As part of Kraken’s commitment to client security, they have reportedly completed and passed an independent auditor’s examination over internal controls as defined by the American Institute of Certified Public Accountants (AICPA) SOC 2, Type I compliance standard.
Kraken has shared details “about this process and how it serves our mission to be one of the most secure crypto exchanges in the world.”
As explained in a blog post, SOC 2, Type I is “an independent third-party auditor’s examination over internal controls focused on the security and availability of systems and data.”
The audit process “helps to verify that Kraken has implemented the necessary controls to protect customer data and funds. AICPA conducts the examination based on its own Trust Services Criteria and in accordance with its Code of Professional Conduct.”
The AICPA’s Trust Services Criteria consist of five categories:
- Security
- Availability
- Processing integrity
- Confidentiality
- Privacy
Each category includes “a robust set of criteria that organizations must meet, depending on the scope of the examination.”
The AICPA designed the criteria “to help organizations identify and address potential risks and vulnerabilities in their information systems.”
Organizations must also “demonstrate that they have implemented appropriate controls to protect their information systems from unauthorized access, use, or disclosure.”
For Kraken, the completion of the SOC 2, Type I examination “demonstrates our commitment to security and the protection of customer data and funds.”
Kraken achieved its SOC 2, Type I report “within the Security and the Availability Trust Services Criteria as defined by AICPA.” The report “covers Kraken’s funding services and custody capabilities.”
Kraken says they believe “that the auditor’s unqualified opinion demonstrated that Kraken had exceptional internal controls on security and availability.”
It means that they are able to “offer proof, not promises, about our world-class security. In fulfilling the requirements for SOC 2, Type I, we have demonstrated that our security practices meet global standards.”
This examination allows then “to not just claim, but independently prove that your safety and privacy at Kraken are paramount.”
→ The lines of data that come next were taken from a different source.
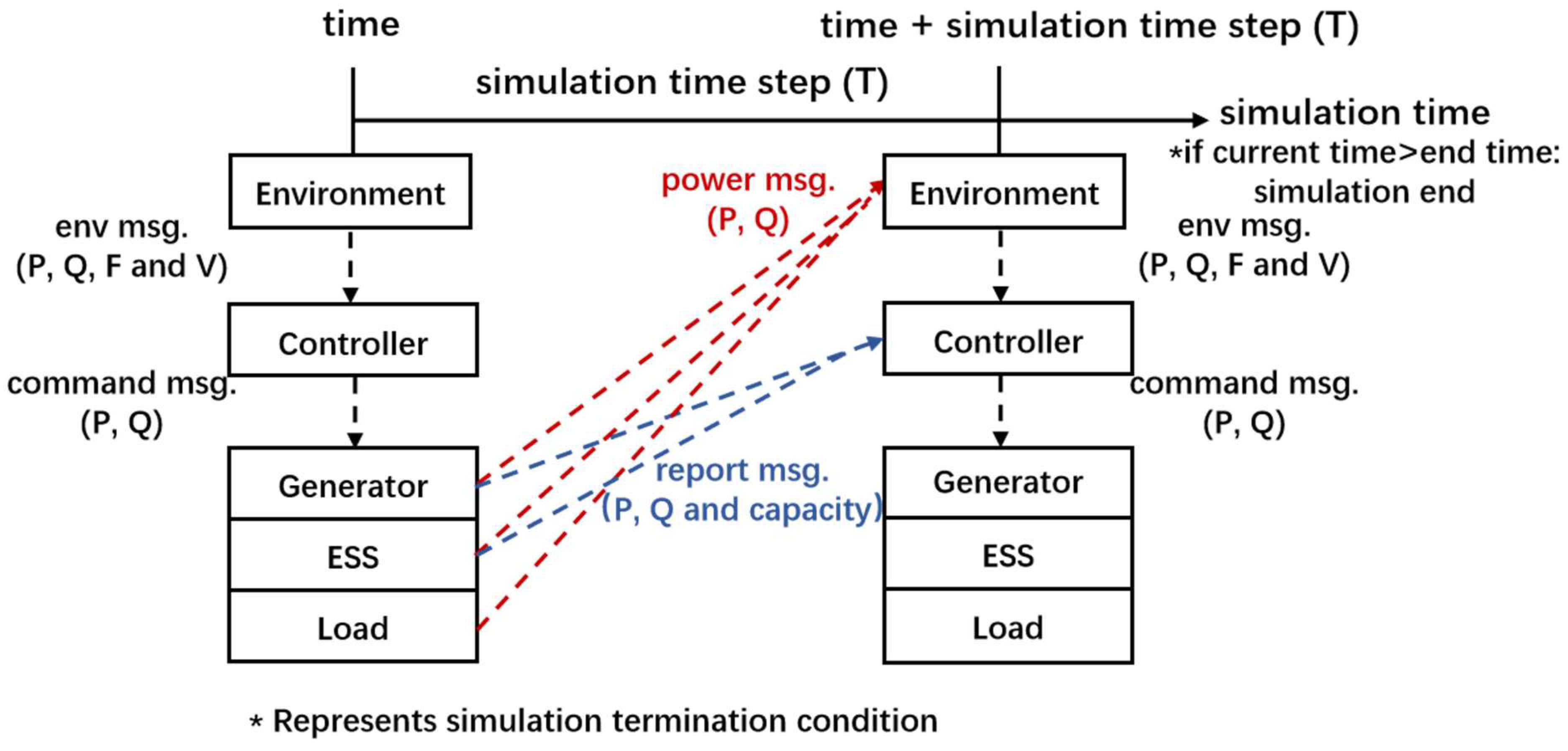 - All system components are modeled based on agents and rely on DEVS to achieve rigorous mathematical formalized representation. DEVS endows the modeling process of each component with mathematical logic and derivation basis, while the modular characteristics of agents ensure the flexibility of the overall model. Specifically, the addition, removal, or reconstruction of components can be realized only by adjusting the mathematical parameters and interaction rules of the corresponding agents, without changing the overall mathematical architecture and logical topology of the model. This further ensures that the model can accurately adapt to power systems of different scales and operating scenarios under strict mathematical constraints.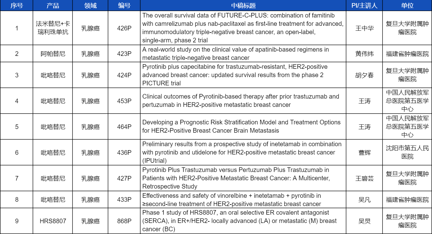 在乳腺癌领域,吡咯替尼、阿帕替尼、卡瑞利珠单抗、法米替尼,或产品间联合或联合化疗,共有9项研究入选壁报讨论,其中吡咯替尼占据6项,较为全面地展示了这款中国首个自主研发抗HER2靶向药在乳腺癌治疗中的显著特点和潜力。此外,asiagame医药自主研发的新型选择性雌激素受体共价拮抗剂(SERCA)HRS8807治疗ER+/HER2-局部晚期或转移性乳腺癌的Ⅰ期研究也成功入选,有望为此类患者带来更多用药新选择。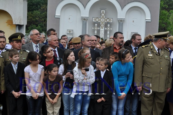 Sute de persoane au participat, joi, la ceremonia organizată în Cimitirul Pacea din Botoşani cu prilejul Zilei Eroilor, marcată, în fiecare an, de Înălţarea Domnului. Persoane publice, dar şi simpli cetăţeani au asistat la slujba de pomenire a eroilor, care a fost urmată de depunerea de coroane şi defilarea militarilor de la Garnizoana Botoşani, Inspectoratul Judeţean de Jandarmi şi Inspectoratul pentru Situaţii de Urgenţă.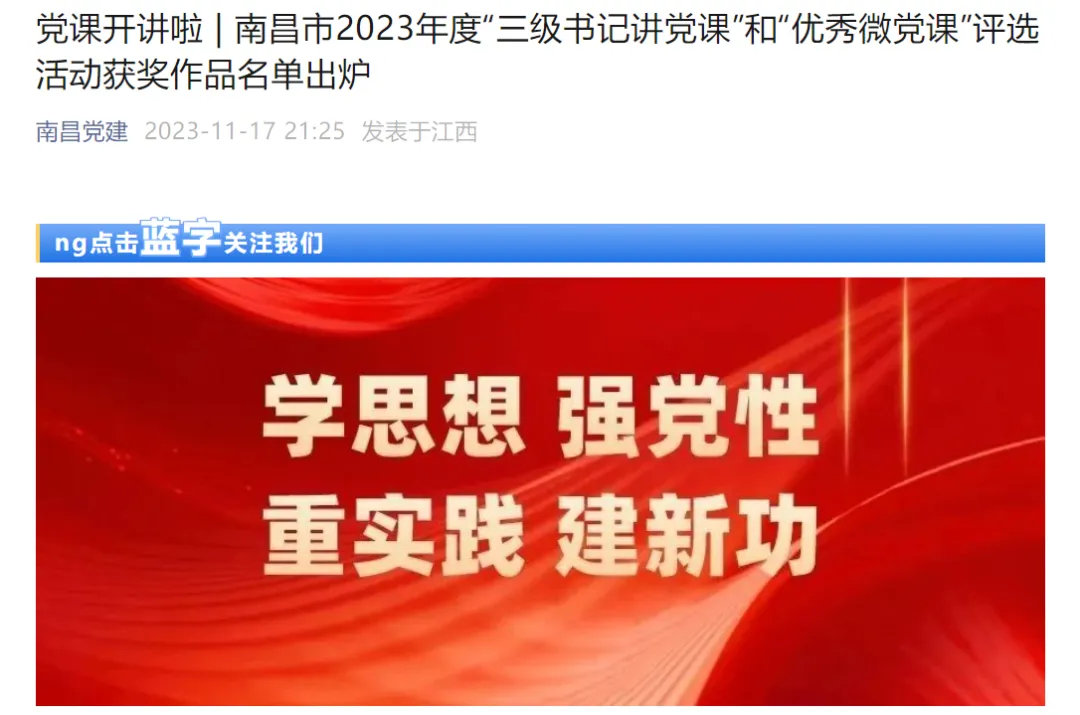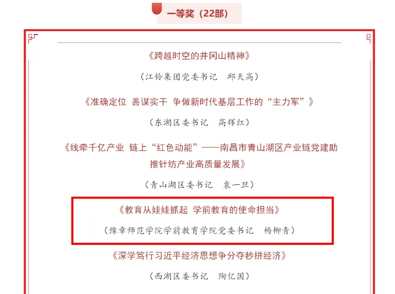 近期,根据中共南昌市委组织部印发的《关于开展2023年度优秀“三级书记讲党课”和优秀“微党课”评选活动的通知》,评定出“三级书记讲党课”优秀作品94部,其中一等奖22部、二等奖38部、三等奖34部。我院党委书记杨柳青主讲的《教育从娃娃抓起 学前教育的使命担当》专题党课在22部中排名前4,荣获一等奖。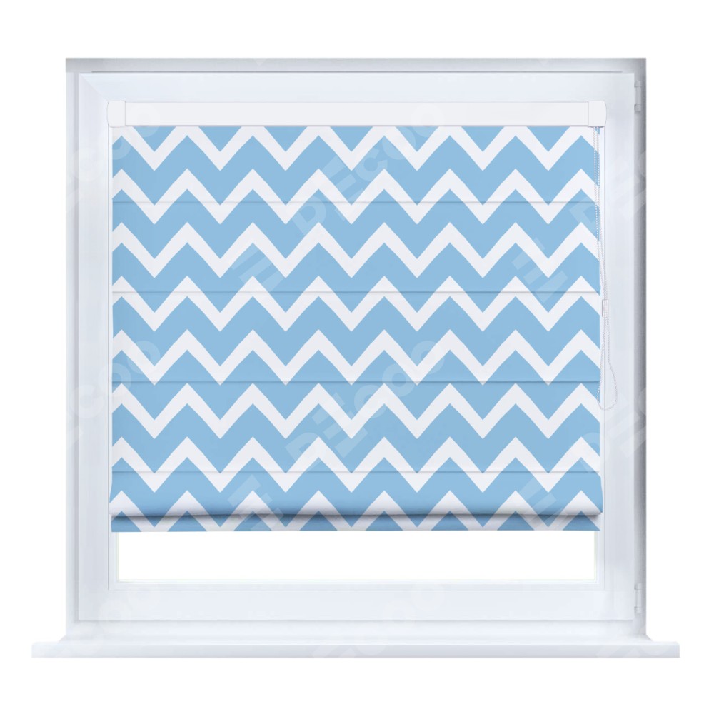 Римская штора кассетного типа, производителя «Cortin», устанавливается только на пластиковые окна и прилегает к стеклопакету, пошита из ткани блэкаут с нанесением сублимационной печати «Зигзаг средний».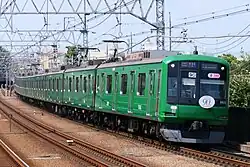 Toyoko Line eight-car set 5122 received an all-over green vinyl wrapping livery in September 2017 to mark the 90th anniversary of the opening of the Toyoko Line and recreating the appearance of the original 5000 series EMUs nicknamed "green frog" which formerly operated on the line.[6] It was originally scheduled to carry this livery until the end of August 2018,[6] but this was later extended to August 2019[7] before Tokyu announced in September 2019 that the livery would be carried indefinitely.[8][9]
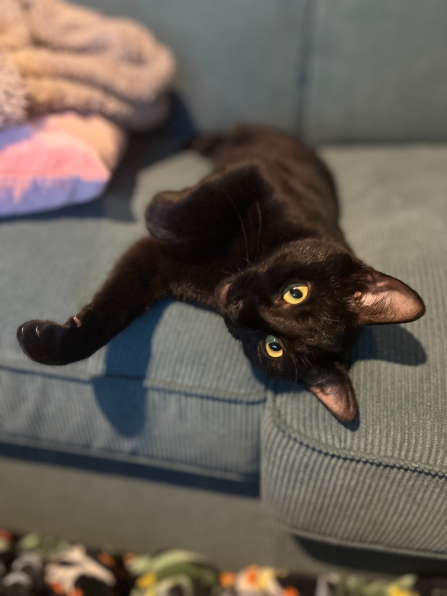This sleek and stunning black beauty is about 8–9 months old and full of personality! Jasmine is confident, curious, and always ready for her next adventure. Whether she’s chasing feather toys with lightning speed or wrestling with her foster brother, she brings her spunky energy and joy wherever she goes.

For Kraken, the commitment to evaluations “performed by independent auditors and other bodies is a testament to our unwavering commitment to demonstrating that our clients’ funds, NFTs, and privacy are secure.”
Koushik Subramanian, Director of Security Risk Management at Kraken, said:
“We continue to level up our security, availability, privacy and trust for our stakeholders. I am extremely proud of our team at Kraken for achieving this milestone. The audit was a large effort that spanned many months and was cross-functional involving multiple teams.”
Kraken continuously “explores avenues to validate the strength of our security program and commitment to an effective internal control environment.”
The issuance of the SOC 2, Type I opinion “for Kraken’s custody and funding service demonstrates their commitment to their clients’ privacy and security.”
Kraken claims it remains “dedicated to the ongoing enhancement of their control program and deepening their investments in the innovative security measures that keep you safe.”
Their collaboration “with independent third-party assessors and auditors helps validate their efforts for all to see.”
They’re pleased to be “recognized as a digital asset platform that is committed to protecting your financial freedom.”